### Task prompt:
Setting pictures aside, output exactly the lines from the start of the records to the line with "2026 New Luxury", that line included.
(Material to process)
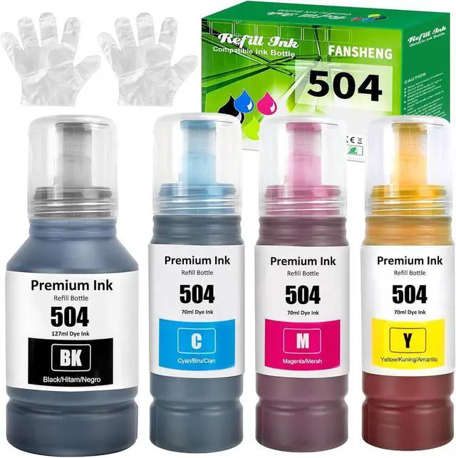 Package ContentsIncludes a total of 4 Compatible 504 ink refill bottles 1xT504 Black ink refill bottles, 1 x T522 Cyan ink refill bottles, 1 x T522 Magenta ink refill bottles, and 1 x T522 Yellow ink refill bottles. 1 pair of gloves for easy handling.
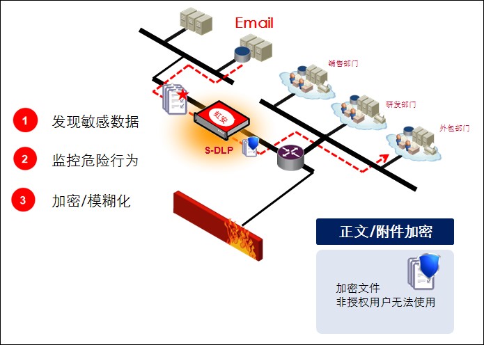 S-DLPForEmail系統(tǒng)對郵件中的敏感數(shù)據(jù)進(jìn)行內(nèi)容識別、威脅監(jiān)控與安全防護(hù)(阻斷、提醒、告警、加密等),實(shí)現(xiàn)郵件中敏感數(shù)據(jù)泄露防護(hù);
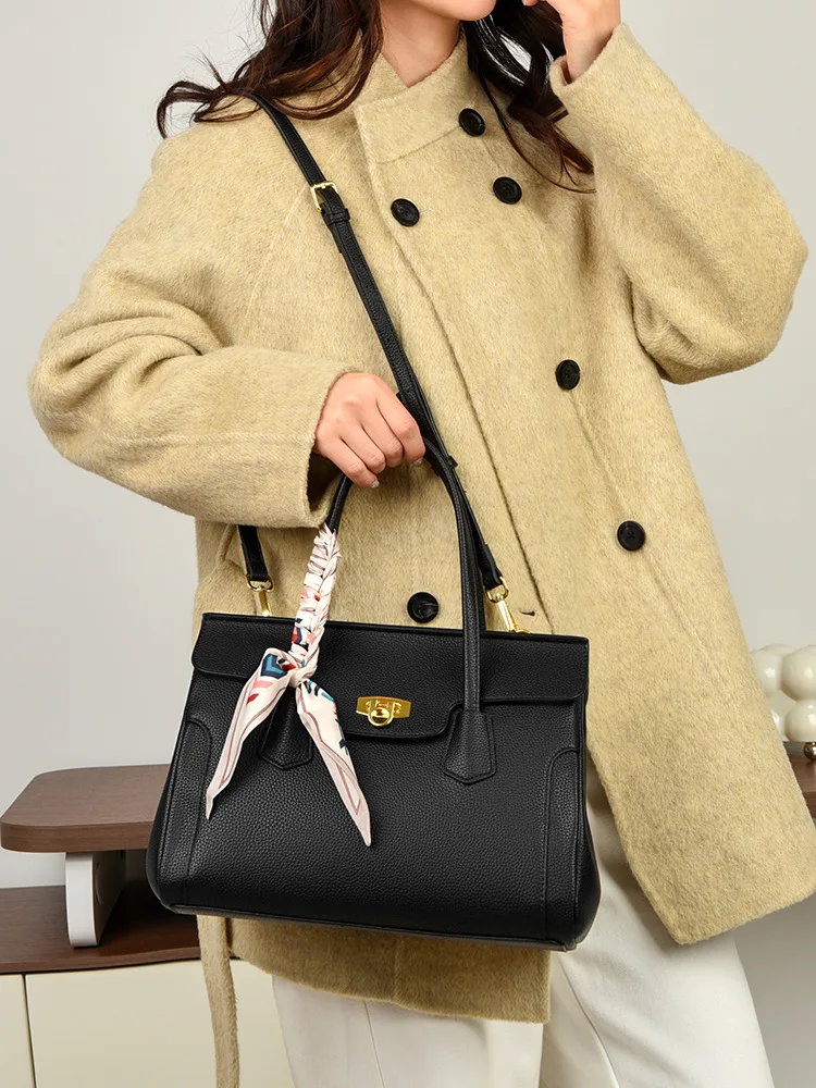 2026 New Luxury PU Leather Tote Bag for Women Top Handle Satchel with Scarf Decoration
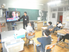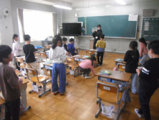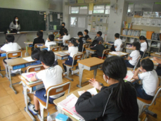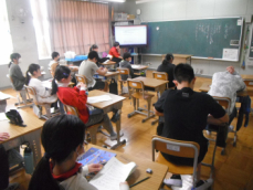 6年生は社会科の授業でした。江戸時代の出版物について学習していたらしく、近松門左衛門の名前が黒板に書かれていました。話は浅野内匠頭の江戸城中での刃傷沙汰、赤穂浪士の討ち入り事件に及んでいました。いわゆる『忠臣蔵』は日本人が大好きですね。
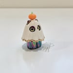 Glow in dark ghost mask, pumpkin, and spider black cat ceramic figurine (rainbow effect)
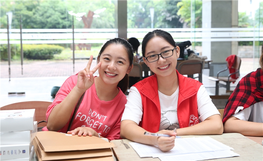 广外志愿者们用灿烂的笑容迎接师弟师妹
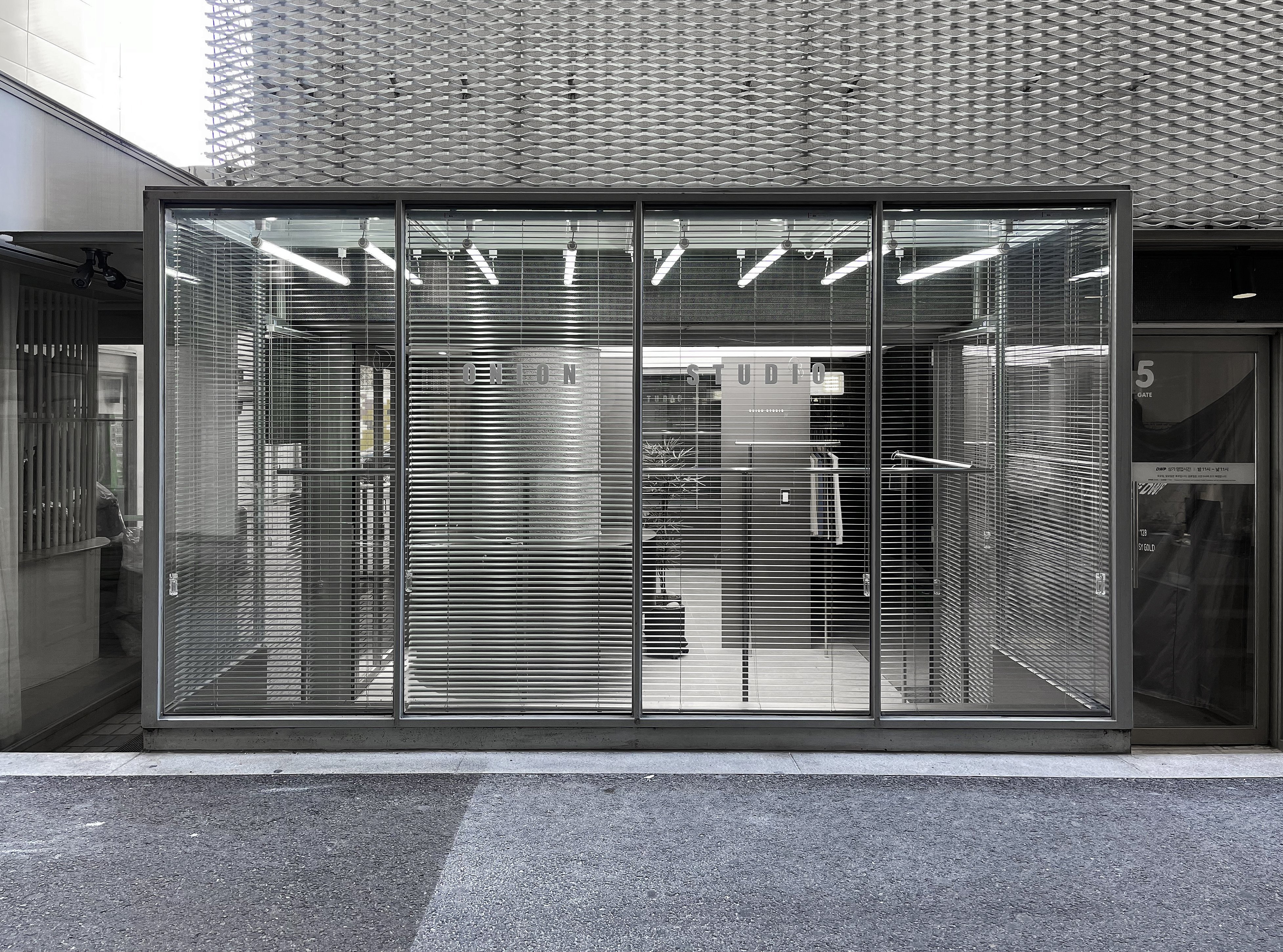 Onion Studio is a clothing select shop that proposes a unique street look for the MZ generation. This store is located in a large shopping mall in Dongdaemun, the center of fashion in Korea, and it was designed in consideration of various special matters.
(End Material to process)
### Answer space:
 Package ContentsIncludes a total of 4 Compatible 504 ink refill bottles 1xT504 Black ink refill bottles, 1 x T522 Cyan ink refill bottles, 1 x T522 Magenta ink refill bottles, and 1 x T522 Yellow ink refill bottles. 1 pair of gloves for easy handling.
 S-DLPForEmail系統(tǒng)對郵件中的敏感數(shù)據(jù)進(jìn)行內(nèi)容識別、威脅監(jiān)控與安全防護(hù)(阻斷、提醒、告警、加密等),實(shí)現(xiàn)郵件中敏感數(shù)據(jù)泄露防護(hù);
 2026 New Luxury PU Leather Tote Bag for Women Top Handle Satchel with Scarf Decoration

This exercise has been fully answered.